Un jour, un autre est venu avec sa langue. Une autre langue. Une langue qu’elle ne connaissait pas. Qu’elle n’avait jamais apprise. Une langue étrangère, une langue qu’elle n’avait jamais entendue auparavant, mais qu’elle comprenait, une langue différente et surprenante. La langue nouvelle avait tout chamboulé. Elle et sa vie.


La langue, d’abord, avait pénétré doucement les yeux. Les signes, noirs sur blanc, étaient entrés, aspirés par les pupilles, et ils n’en étaient plus jamais ressortis. Immédiatement séduit, son esprit s’en était emparé avidement. Elle avait fait son chemin, sans forcer, la langue de l’étranger. Elle était parvenue au centre, au point névralgique. Elle s’était installée dans la tête, dans la place, là, dans le cerveau, sans demander, si oui ou non, ceci cela.
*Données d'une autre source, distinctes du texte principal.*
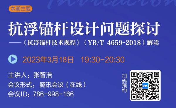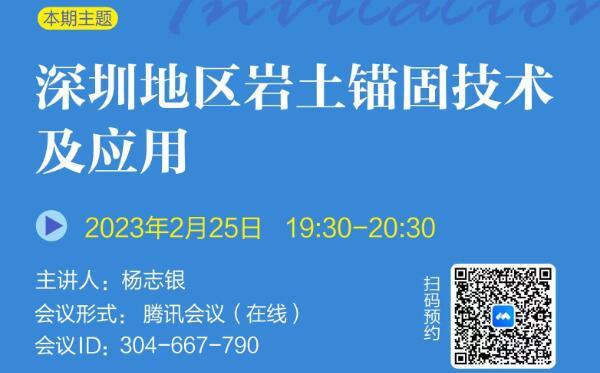發布日期:2023-01-07 17:10巖土錨固學苑將于2022年12月17日(周六)19:30-20:30舉辦第8期,本期主題:巖土工程柔性支護新技術及應用,歡迎廣大巖土錨固領域愛好者參與交流。...

Mine de rien, elle avait bousculé les convenances, les habitudes, les savoirs, les vieilles connaissances, les a priori, les règles, les réticences. Elle s’était assise, là, bien confortablement, au centre, comme un reine, adoubée, souriante, confiante, maîtresse absolue en son royaume sur ses sujets.
Et puis, descendant petit à petit, dans la bouche, dans la gorge, dans la poitrine, se roulant dans la salive, cognant les dents, glissant contre les parois de chair humides et roses, la langue de l’autre s’était mêlée, entortillée, à celle de la fille. Elle prit corps et, pénétrant le corps, elle occupa de plus en plus d’espace, tant d’espace, qu’il était devenu dorénavant impossible à la fille de penser et de vivre, sans elle.


La langue l’avait embrassée. Et ce fut fait. Il était trop tard pour désapprendre, pour méconnaître, pour faire semblant, pour oublier. Elle l’avait sur le bout de la langue, sur le bout des doigts, elle l’avait à l’esprit, elle la savait parfaitement, elle la connaissait par cœur, cette nouvelle langue, ces mots de l’autre, ces tournures, ces articulations, ces silences, ces rythmes, courts et lents, ces ponctuations, ces respirations, ce souffle. Elle en était emplie. La langue la possédait, la possédait si bien qu’elle en rêvait. Elle rêvait de la langue dans la langue. De jour comme de nuit, elle en rêvait.


Ce langage de l’autre était devenu, à présent, quoi qu’elle fasse, dise ou pense, essentiel.